- Source material
§ §

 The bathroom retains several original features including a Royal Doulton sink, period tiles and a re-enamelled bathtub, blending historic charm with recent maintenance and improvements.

§ §

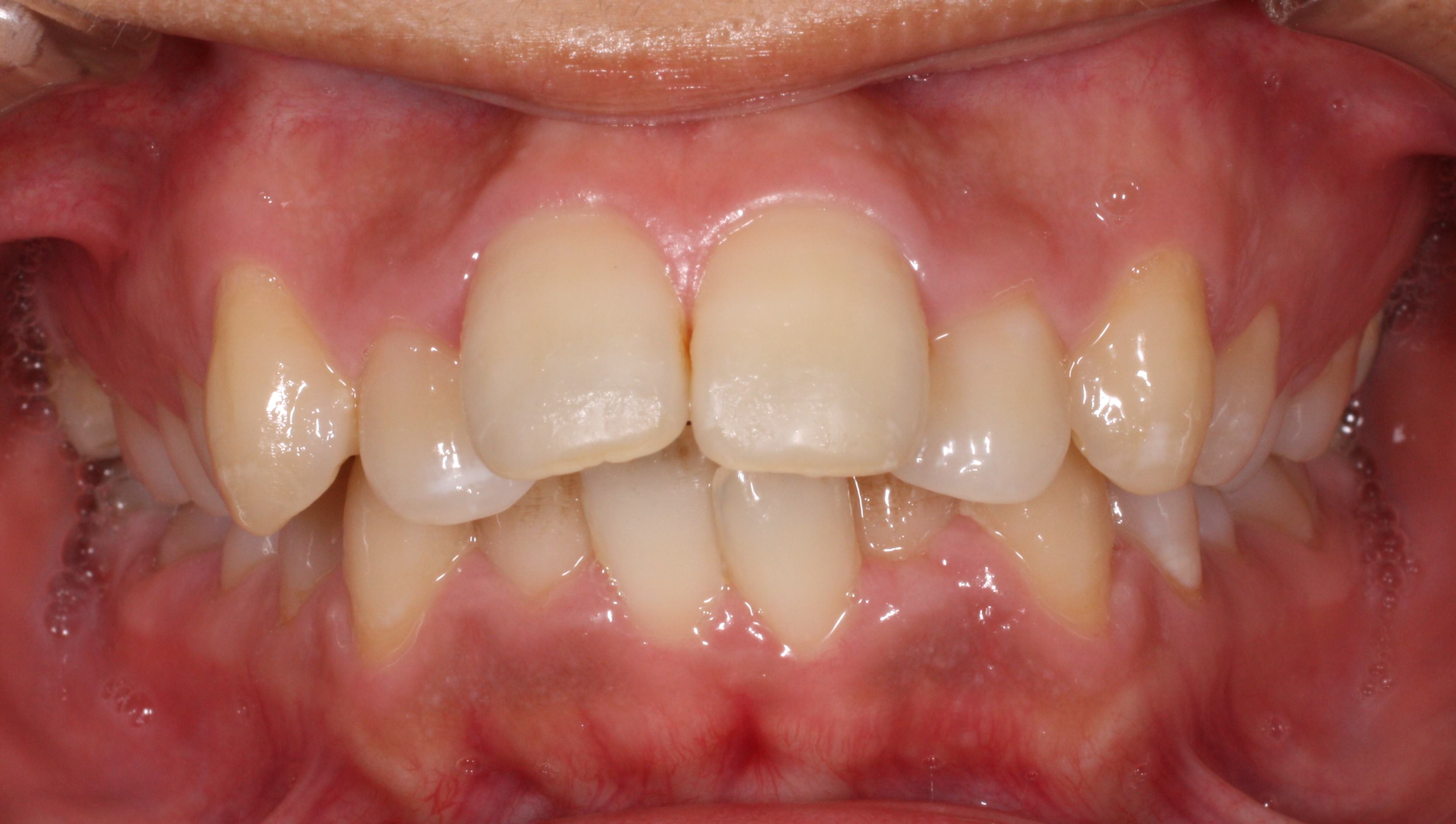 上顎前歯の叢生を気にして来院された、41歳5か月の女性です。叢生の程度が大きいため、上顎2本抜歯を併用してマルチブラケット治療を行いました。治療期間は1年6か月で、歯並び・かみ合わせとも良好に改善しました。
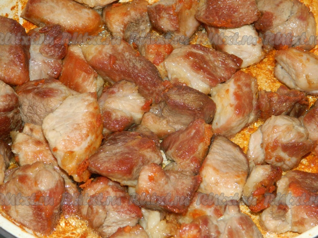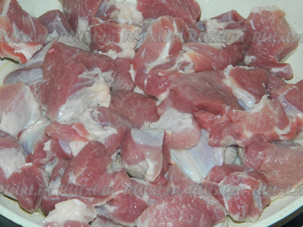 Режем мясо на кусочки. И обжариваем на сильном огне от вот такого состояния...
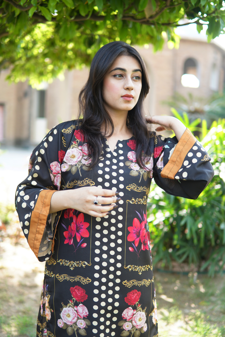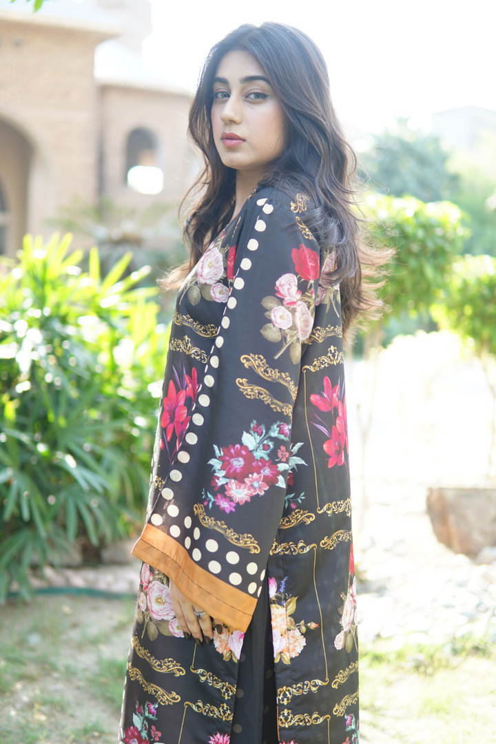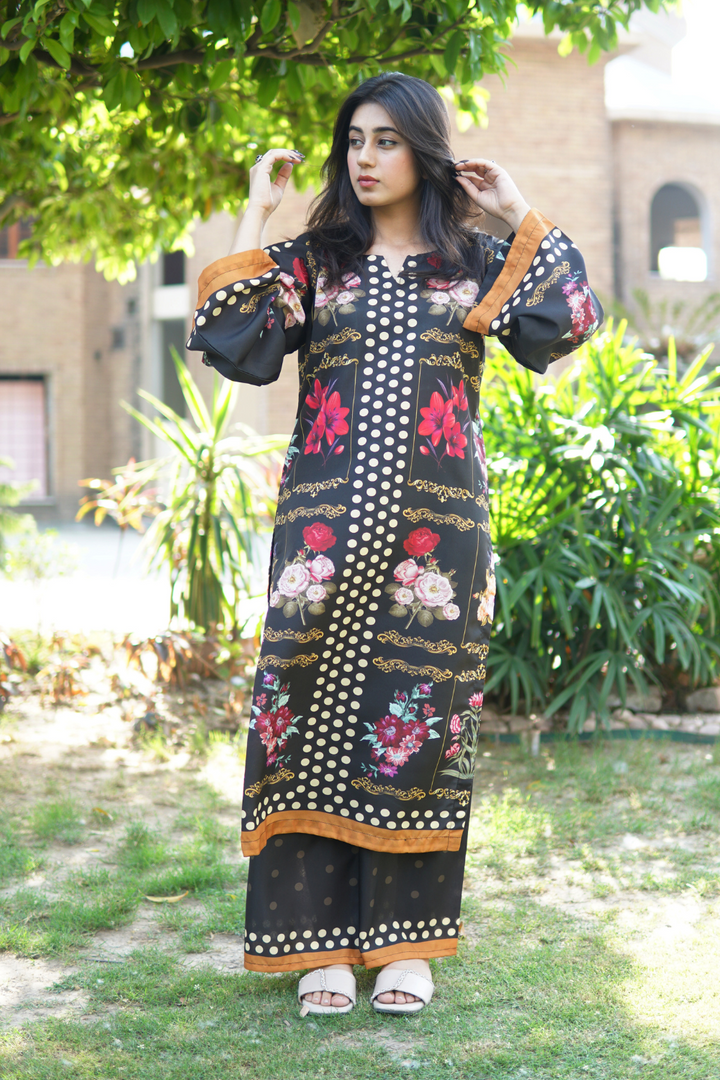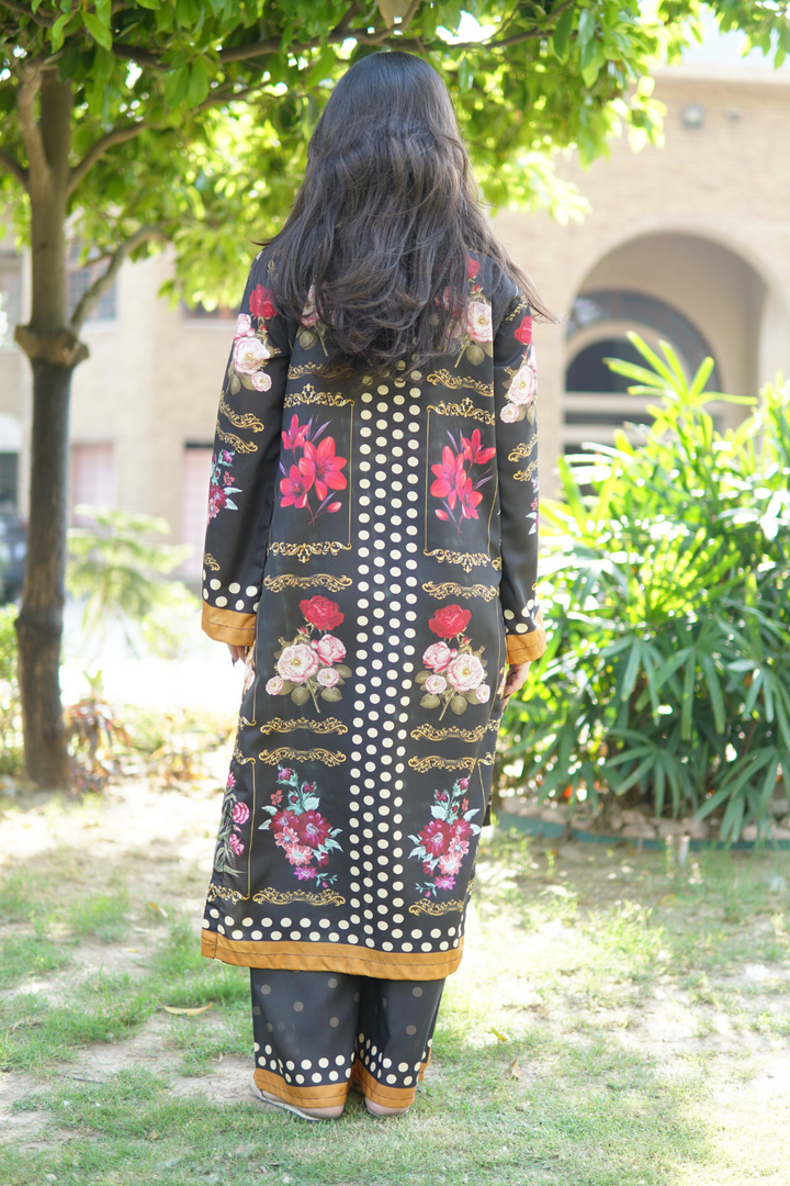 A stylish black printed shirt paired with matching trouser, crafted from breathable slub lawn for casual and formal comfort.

§ §

- Required work
Given the records above, return the lines starting at the one that holds "上顎前歯の叢生を気にして来院" and ending at the one that holds "A stylish black", exactly, and nothing besides; leave every picture out.

- Finished exercise
 上顎前歯の叢生を気にして来院された、41歳5か月の女性です。叢生の程度が大きいため、上顎2本抜歯を併用してマルチブラケット治療を行いました。治療期間は1年6か月で、歯並び・かみ合わせとも良好に改善しました。
 Режем мясо на кусочки. И обжариваем на сильном огне от вот такого состояния...
 A stylish black printed shirt paired with matching trouser, crafted from breathable slub lawn for casual and formal comfort.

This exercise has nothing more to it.